The king nodded. “Be brief, for you have vexed me long!” Then, turning to Atossa: “Ah! lady, Queen,—at last! to the harem! you are my wife!”
Atossa knew she was being taken by the hand; she saw all things dimly as through darkened glass. Nearer the gallop without, louder the shouting, and through it and behind a jar and a crashing,—not of the elements surely! Daniel had clasped Ruth to his breast. His words were heard only by her and by Another. The king gestured impatiently. “Enough! Away!—” But no more; there was a panic cry at the portal, the howl of fifty voices in [410] dismay; and right into the great hall, over the priceless carpets, through that revelling throng, spurred a rider in armour, two arrows sticking in target, blood on crest, blood streaming from the great wound in the horse’s side. Up to the very dais he thundered; and there, in sight of all, the beast staggered, fell, while Igas-Ramman, the captain, struggled from beneath and stood before the king.
“ All is lost, lord of the Chaldees! ” and then he gasped for breath. But already in the outer palace was a fearful shout. “Arms! Rescue! The foe!”
Belshazzar tottered as he stood, caught the arm of the throne.
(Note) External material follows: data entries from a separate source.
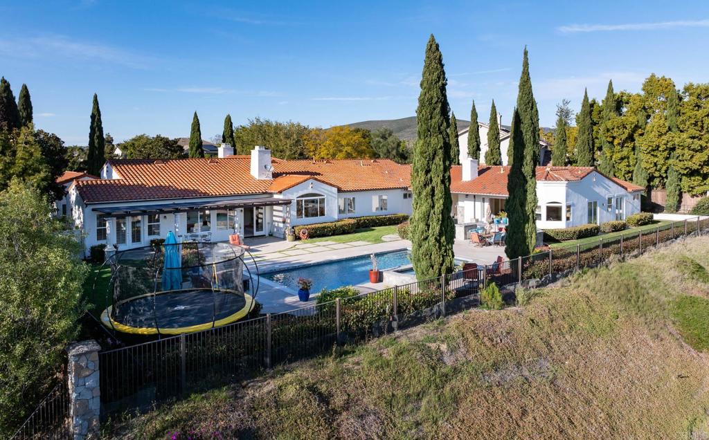 Rare Hilltop Compound in The Ranch at Carlsbad Featuring Two Fully Independent Homes! Opportunities like this rarely come to market in The Ranch at Carlsbad. This private single-level estate offers two fully independent residences plus a separate pool and game pavilion, creating a flexible layout ideal for multi-generational living, extended family, guests, or private work-from-home space. The approximately 3,800 sq ft main residence features three bedrooms and spacious living areas designed for comfortable everyday living and entertaining. The 1,400 sq ft second residence includes two bedrooms, a full kitchen with high-end appliances, laundry, independent climate control, and a private street entrance. Wider doorways throughout the second residence provide enhanced accessibility. At the center of the property is a 900 sq ft game and pool pavilion with its own entrance, bathroom, bar-style kitchenette, and independent climate control, allowing the space to function as an entertainment pavilion, third guest suite, or additional living quarters. The hacienda-style architecture creates exceptional privacy around the pool, California Room, and outdoor entertaining areas, while the south-facing hilltop orientation captures beautiful natural light and scenic sunrise and sunset views. Additional highlights include a custom 1,000-bottle temperature-controlled wine cellar and tasting room. Located in The Ranch at Carlsbad, residents enjoy scenic walking trails and walking distance to top-rated schoolsincluding Olivenhain Pioneer Elementary, Diegueño Middle School, and La Costa Canyon High School. Just minutes away are Omni La Costa Resort & Golf Club, coastal beaches, Carlsbad Village dining, and premier shopping.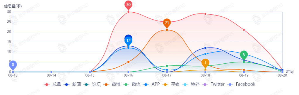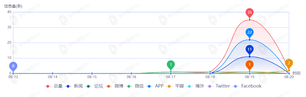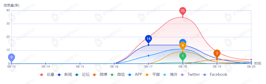 截至目前,该文章在互联网上传播总量67篇。其中8月18日是传播的高峰期,共传播35篇文章。各信源的信息发布情况中,新闻信息占比最大,其次是APP和平媒,占比分别为47.76%、28.36%、14.93%。(数据来源:新华睿思数据云图分析平台)
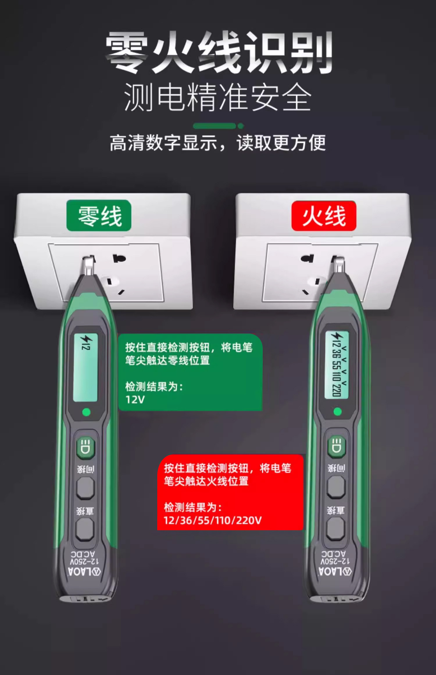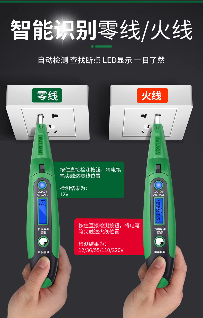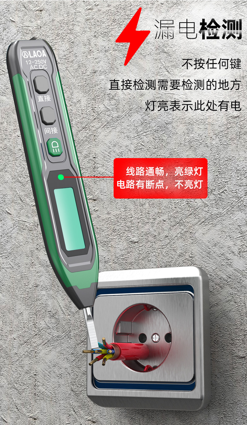 老A Электрическая испытательная ручка, специальный интеллектуальный цифровой дисплей для электрика, электрическая испытательная ручка, проверка напряжения, тестовая ручка включения-выключения, нулевой провод под напряжением, 12-250 В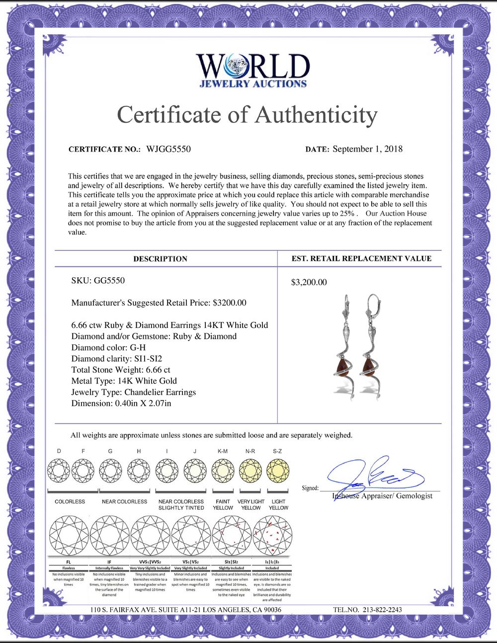Genuine 14K Rose Gold 6.66 ctw Ruby & Diamond Earrings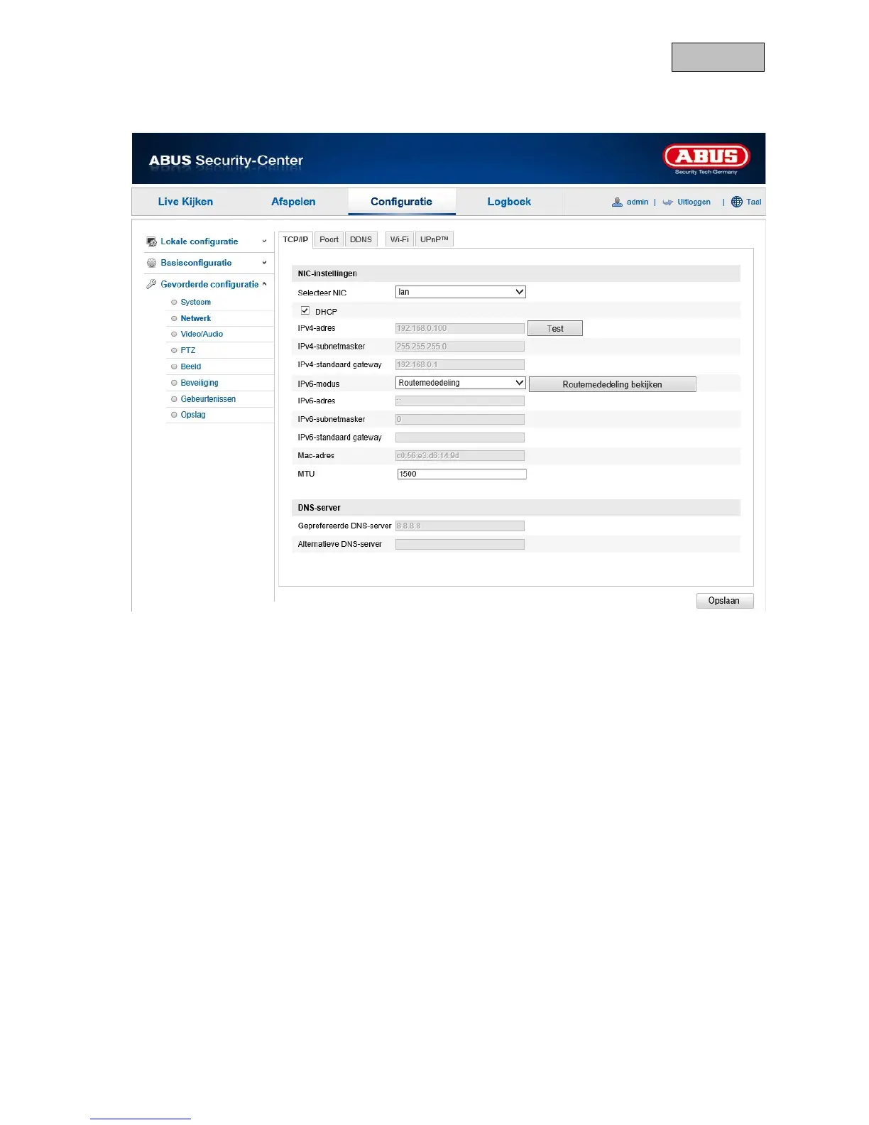 Kies de netwerkinterface die u wilt configureren. De camera kan via LAN of WLAN met het netwerk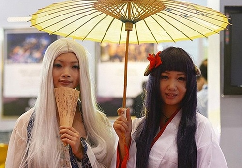 | Hai cosplayer (người phỏng lại theo các nhân vật trong truyện tranh, phim giả tưởng, game) chụp ảnh tại một hội chợ nhà ở được tổ chức tại Vô Tích, tỉnh Giang Tô. |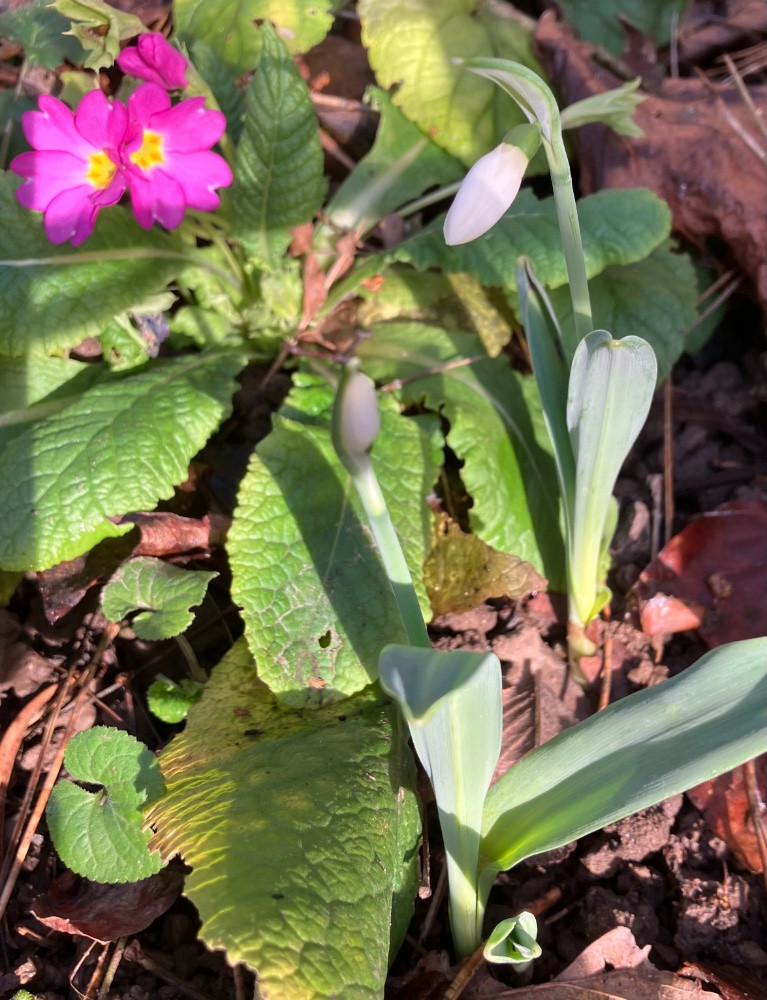 Heute war es etwas wärmer als gestern, dafür aber ziemlich windig. Egal, ab und zu kam sogar die Sonne ein bisschen heraus, also habe ich zunächst meine restlichen Krokusse gepflanzt und das Wiesenstück mit einer Schnur markiert, damit ich und andere später nicht versehentlich drauftreten. Da es morgen leider schon wieder den ganzen Tag regnen soll, habe ich das durch den Wind abgetrocknete Tamariskenlaub zusammengefegt (geht nur, wenn es wirklich ganz trocken ist) und nochmal das Laub vom Runzelblättrigen Schneeball von meinem Schattenbeet geklaubt und dabei die austreibenden Schneeglöckchen bewundert.

His face was not ashen, but black as the clouds on high. “What is this, fool?” he called. And Igas answered, “O king, Sirusur and Bilsandan are traitors. The retreat of Cyrus was a ruse. By night his host has returned. Imbi-Ilu, the exile, has tampered with the priests of Nabu, and they have opened the Borsippa water-gate. Sirusur has withdrawn the garrisons from the chief defences; Bilsandan has released the Persian prisoners and with them overpowered the guard at the Northern Citadel. Prince Darius is speeding to the palace.”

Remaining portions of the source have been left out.